Before that year the goldsmiths had really been bankers, and proper laws had long been advocated for their better establishment in the craft. This list fixes their residence chiefly in our ancient Lombard Street. Of fifty-eight, the whole number of them, thirty-eight lived there. Of the rest, we have Blanchard and Child, partners, in Fleet Street, at the Mary-gold; and James Hore in Cheapside, at the Golden Bottle, for then every house of business had its sign.

Other banking names are striking, viz. the Cornish Bolitho, the Lancashire Hornby, the Yorkshire Duncomb. These men may be presumed to have enriched their descendants who are still conspicuous among us. The rest of the Goldsmiths of 1677 seem to have been little remarkable in the next generation, when, after the revolution of 1688, joint-stock banking, and safe facilities in paper currency took the start which constitutes an era in finance. The capitalists of London in the reign of Charles II. were sorely damaged by his iniquitous shutting of the Exchequer against their legitimate claims. They were content at last to be simply the first holders of stock in the national debt, into which their claims were turned. But Michael Godfrey, the first deputy-governor of the bank, and Sir N. Herne, afterwards zealous supporters of the new system of banking after 1694, are here only simple merchants. Two other names of the Goldsmiths, James Fowles and James Heriot, deserve special mention. They were Scots; and the Fowles appear to have been long settled in London in connection with their countrymen. In 1695, the Lord Provost of Edinburgh was to address his letters on the subject of Darien to William Paterson at the house of one of the name; and it is no idle speculation to suppose that this goldsmith (a rising banker) of 1677 afforded Paterson, then a pedlar, or incipient merchant, the benefit of his financial experience.

James Heriot has a stronger association with a Scottish worthy of finance, George Heriot, the goldsmith, and the munificent benefactor of Edinburgh, who came south with his patron, King James; and, as his biographer tells us, he prospered here as he had prospered in the north. Besides his bequests to his native town, he left ample legacies to his brothers-german, of whom one was James; and their wealth and name were assuredly represented by the James Heriot the goldsmith of this list.

In it also stands John Peatterson, a merchant already, and so giving a body to the tradition in Dumfriesshire which places William Paterson of the Bank of England in the counting-house of a relation of his own name in London about 1677.

The spelling of the two names Fowles and Peatterson is correctly phonetic, so as to show the Scottish nationality of the men; and in the latter case showing also the tact with which Eliot Warburton in his “Darien” makes a Scottish friend criticise his clumsy English pronunciation of the word Paterson.

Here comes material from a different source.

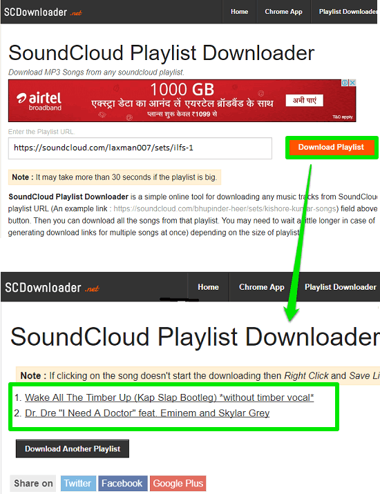 Using SCDownloader to download songs from SoundCloud is pretty easy. Just visit its home page and after that, use the text box to paste the URL of the SoundCloud page where the song is. You can also use the playlist downloader section of the website. After submitting the URL of the playlist, hit the Download Playlist button and it will show you the list of songs from the playlist. You can click on any song to start downloading it.
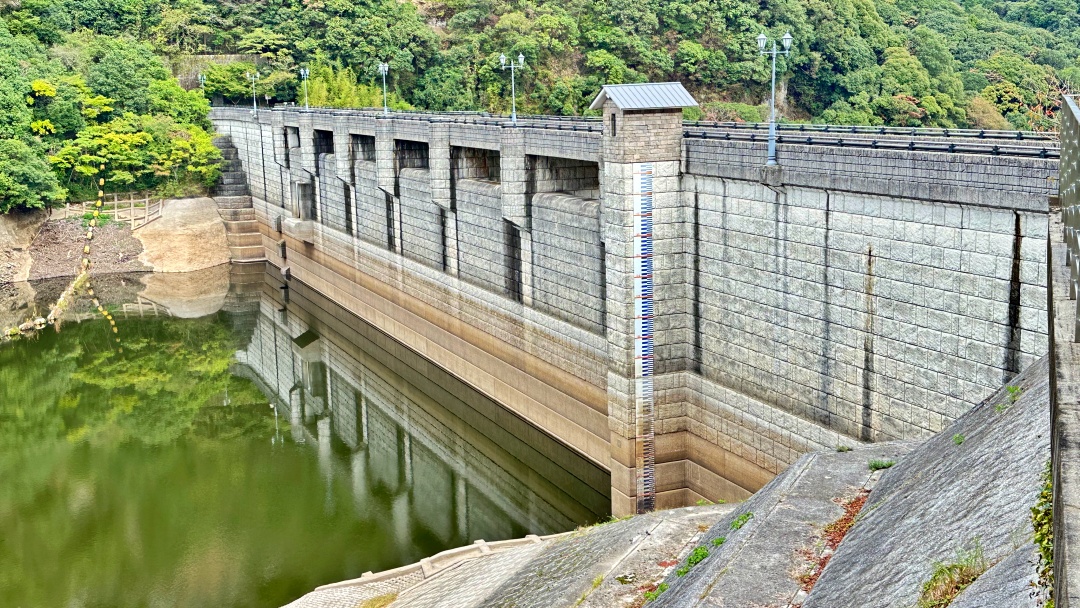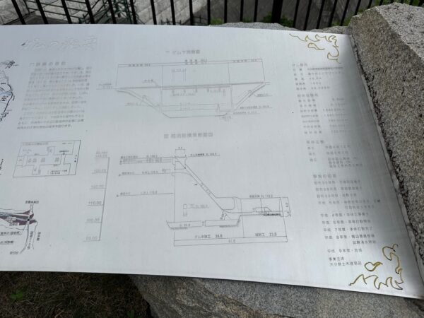 見づらいですが諸元です。堤高 43.5m、堤頂長 180mの重力式コンクリートダムです。

Another name in the general list, that of Alexander Pope of Broad Street, has an even more famous association, as Mr. Camden Hotten shows in his Adversaria for July, 1857. The locality was then a charming suburb of gardens; and although the poet Pope, when taken away with his father, the popish merchant, to be educated in Windsor Forest by a priest, may have been too young to know how genial a home he was losing, he need not have been too vain, as it is feared he was, to revisit in after life the pleasant abode of his earliest years.

Gresham’s garden was in Broad Street, with its lectures on music and all science. King Richard’s Crosby Hall, and Shoreditch with its unhappy leman of Edward IV, were hard by; whilst Milton’s birth-place, his retreat, and his grave were close at hand.

The picturesque character of old London, graced by the sparkling Thames of olden time, is a circumstance not to be forgotten, when we are calling up the memories of any class of its inhabitants.

In 1677 the city was full of fine residences for merchants; and in this list we meet with names of entertainers of wits of the time. Here is Fountain, doubtless father to the wealthy knight with whom Dean Swift was familiar, as shown in his letters to Stella. Here, too, is Kiffen, the Baptist Alderman whom James II. could neither affright nor seduce, with a less respectable name of the same class, that of William Lob.

Here is Benjamin Bathurst, the founder of the family distinguished on the Bench and in the State, with Bragg their connexion. Here is a tribe of the Houblons, who furnished the Bank of England with its first Governor, Sir John; and whose names, seven in number, may be read in documents recorded at the Board of Trade claiming convoys for their fleets. These seven names are found in the more interesting record—the sermon of Bishop Burnet at the funeral of this Houblon—with his eulogy and city descent from Henry the VIIIth’s time. The Vansittarts will find their wealthy forefather here, and many more Dutch members of the old church of their nation in Austin Friars. The Van Milderts of this list were doubtless progenitors of the learned late Bishop of Durham of that name; and the predominance of Dutch over Flemish merchants settled in London is to be attributed to the ultra-Protestant feeling of that time. Puckle the wit, and the eager projector, is here in the persons of his father and uncle. Nor are the Barnardistons, Ducanes, the Fredericks, Beckfords, and Papillons, Burdetts, Batemans, Biddulphs, Bulteels, Carbonnels, Coventrys, the Dominiques, Crisps, Furleys, and the Holfords, to be omitted.